Thomas D'Alesandro, Jr. was a Catholic and the son of Italian immigrants. Perhaps those factors fueled his sympathy for religious minorities and refugees. Or perhaps it was just the simple humanitarian instinct of every sensitive person who hears of innocents being persecuted and wants to help, regardless of political considerations.

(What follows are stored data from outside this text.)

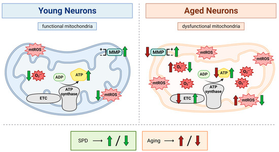 Schematic representation of the beneficial effects of spermidine on mitochondrial function in young and aged iPSC-derived neurons. Based on the findings obtained in the present study, the figure illustrates the age-related impairments in neuronal mitochondria and the SPD-mediated ameliorations in mitochondrial function for young and aged neurons. Red arrows indicate an increase or decrease in the depicted parameters for aged neurons, while green arrows denote an SPD-evoked amelioration or attenuation in the displayed parameters for young and aged neurons. ADP: adenosine diphosphate; ATP: adenosine triphosphate; ETC: electron transport chain; MMP: mitochondrial membrane potential; mtROS: mitochondrial reactive oxygen species; O2•−: mitochondrial superoxide anion radical; SPD: spermidine. Created with BioRender.com (accessed on 25 February 2023).
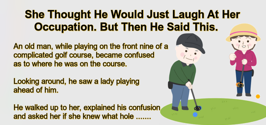 He thanked her and went back to his golf. On the back nine, the same thing happened; and he approached her again with the same request.
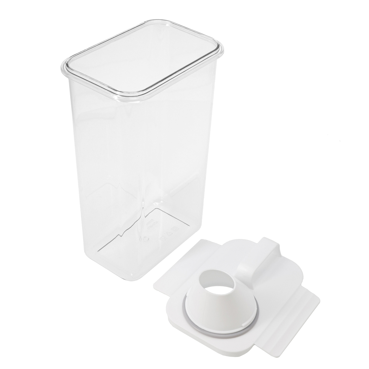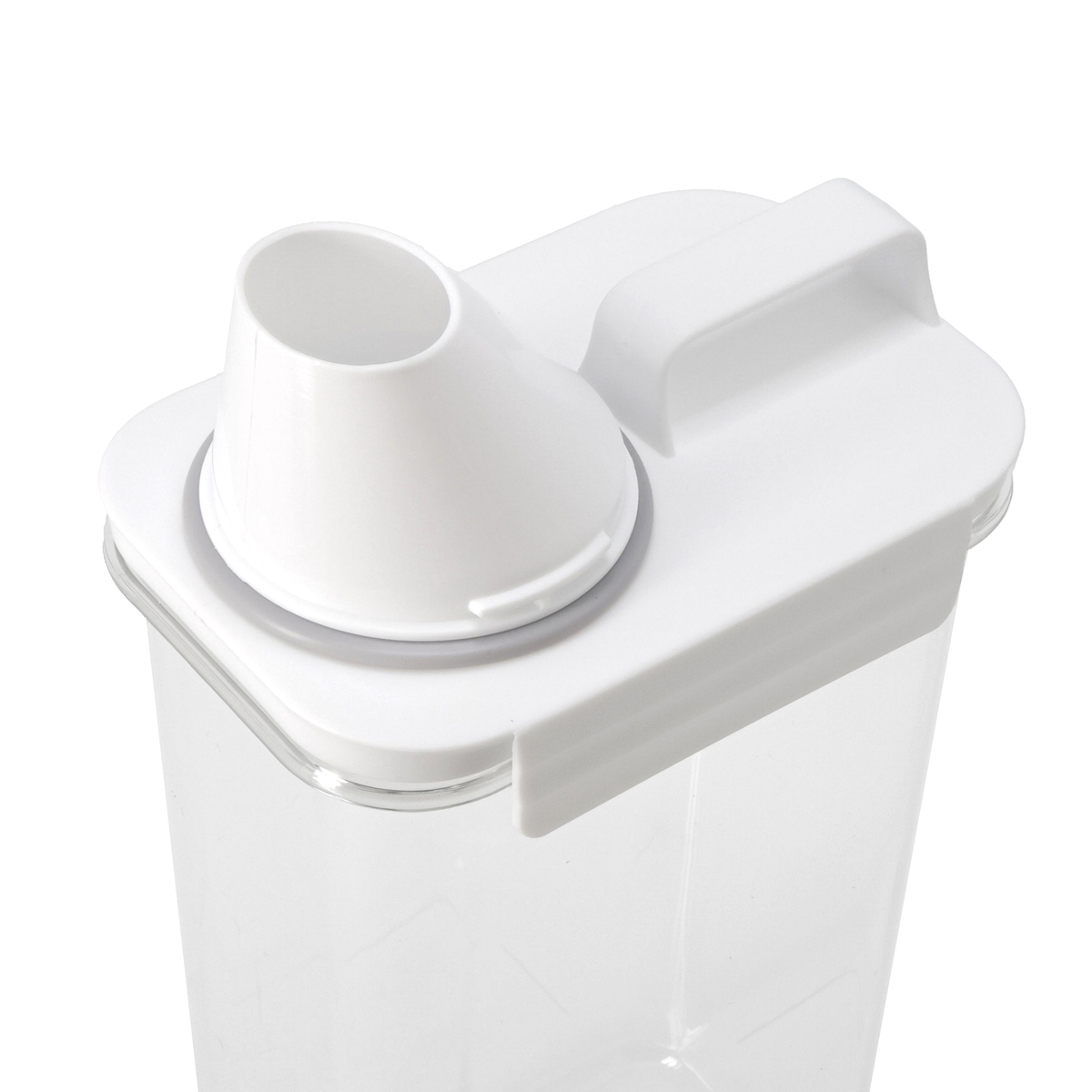 全量入るようにするため、かなり背が高くなりました。別なケースに入れ使っていましたが、このケースは置き場の棚にギリギリでした。取り出すのも少し大変です。棚が洗濯機の上なので。せっかくのボトルキャップのメモリですが、洗濯する量「○キログラム」に対する適量をメモリにして付けていただきたかった。全量入れられなくともよいのでサイズを小さくしていただけませんか。それから持ち手はケースの上ではなく短辺の横に付けていただけるとありがたいです。元のケースに戻すことを考えています。
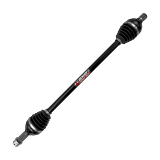 The Demon Powersports Can-Am Maverick R Heavy-Duty HD Axle is designed to withstand the toughest off-road conditions, providing superior strength and durability. This axle features a dual heat-treated high-strength Chromoly steel shaft, upgraded inner cage material to 4340 Chromoly Steel, and TPEE (Thermoplastic polyester elastomer) boots that are stronger, stiffer, and more resistant to fatigue, punctures, and high temperatures compared to standard OEM boots. The unique double plunge design allows for higher articulation angles, with 1.5 inches of plunge travel and 40° articulation over terrain on the inboard joint, while the outboard joint can travel 0.5 inches and swing from 45°-47° depending on the model. Additionally, the axles use molybdenum grease to provide low friction and smooth motion, ensuring a reliable and smooth ride.
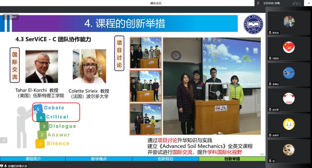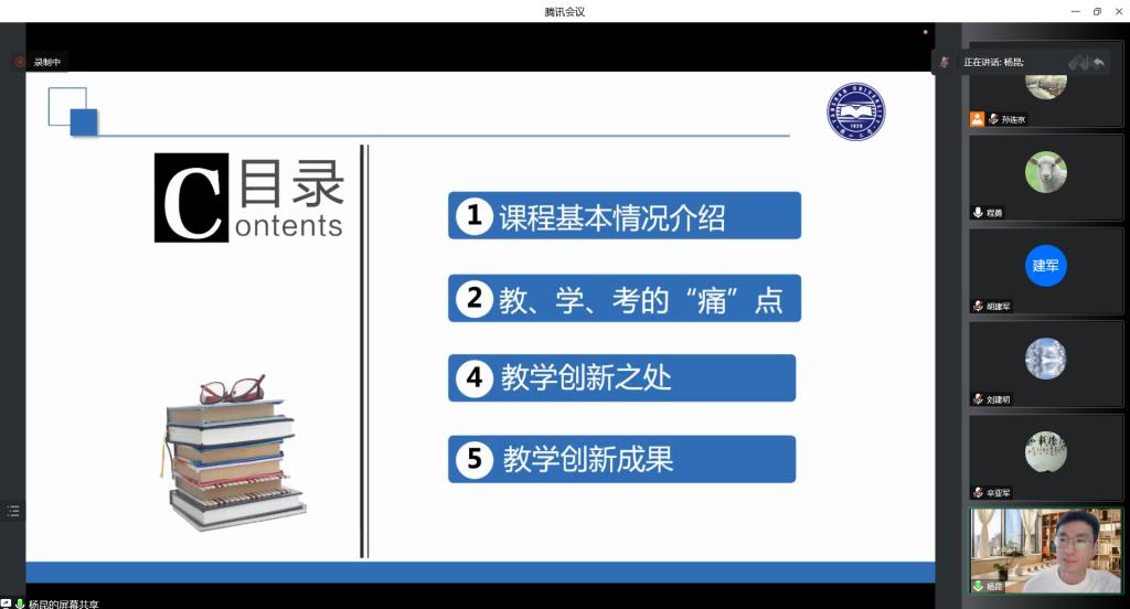 从本科教学评审评委库中随机抽选了5位专家评委组成本次大赛的评审组。为了保证院赛与校赛的有机衔接,选拔出优秀选手参加校赛,本次大赛比照学校的竞赛流程和评分标准进行。比赛分书面评审和现场评审两个环节。参赛教师的课堂教学实录视频、教学创新成果报告等材料由评委在赛前以书面形式进行评审。现场评审环节,参赛教师结合教学大纲与教学实践用PPT进行不超过15分钟的教学设计创新汇报,并与评委进行10分钟的提问交流。比赛结束后,各位评委对参赛教师逐一进行了针对性的精彩点评,并就如何改进与提高提出了许多中肯的建议。经过激烈竞逐,最终产生一等奖3名,二等奖4名。经评委评议,决定推荐王鼎、杜胜华、杨昆三位老师代表91在线
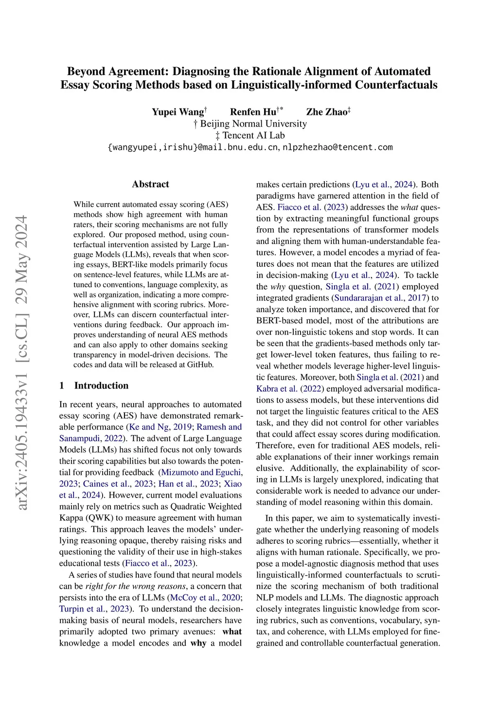 While current automated essay scoring (AES) methods show high agreement with human raters, their scoring mechanisms are not fully explored. Our proposed method, using counterfactual intervention assisted by Large Language Models (LLMs), reveals that when scoring essays, BERT-like models primarily focus on sentence-level features, while LLMs are attuned to conventions, language complexity, as well as organization, indicating a more comprehensive alignment with scoring rubrics. Moreover, LLMs can discern counterfactual interventions during feedback. Our approach improves understanding of neural AES methods and can also apply to other domains seeking transparency in model-driven decisions. The codes and data will be released at GitHub.
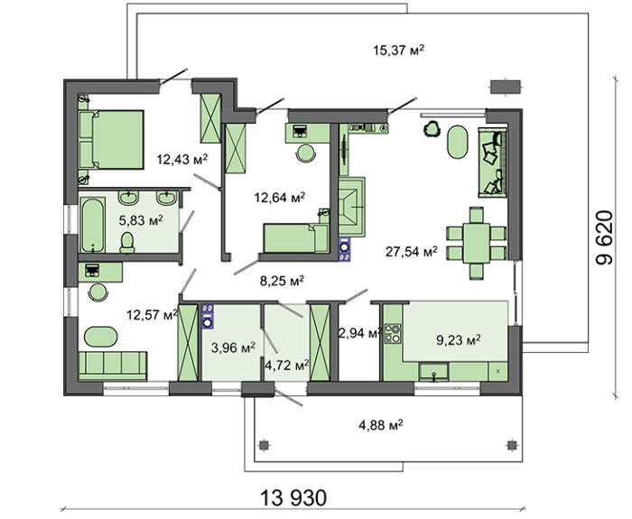 В левой части дома расположена дневная зона, состоящая из гостиной с камином и выходом на открытую террасу и кухни со столовой. Окна, расположенные с трех сторон, обеспечивают хорошее естественное освещение всего единого пространства.
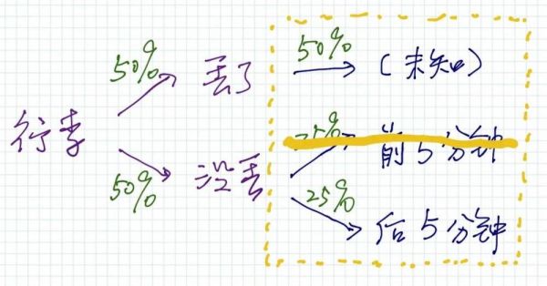 首先,用直觉快速解答一下:假设行李没丢,概率是50%,目前还有5分钟,也就是还有50%机会等到行李,那么是不是应该是(50%×50%=25%)呢?然而,这个解答是错的。

Whatever his motives, D'Alesandro was taking a big risk. He knew that by defying Roosevelt and Truman, he might be making enemies in the White House. In 1947, at the very moment he was breaking ranks with Truman over Palestine, D'Alesandro decided to run for mayor of Baltimore. If the White House had chosen to retaliate against him for his dissent on Palestine, he might never have been elected.

And if that had happened, his daughter Nancy might never have embarked on a political career of her own.

The 12 years that D'Alesandro served as mayor of Baltimore were the crucial formative years of Nancy's political education. She "learned her politics at the elbow of her father," a recent Washington Post profile of the House speaker noted. Throughout high school and into her college years, Nancy was at the center of her father's intense political world. As a result, she was a political veteran long before she even entered politics. And she was fortunate to have as her role model a man who courageously put his humanitarian principles above his narrow political needs.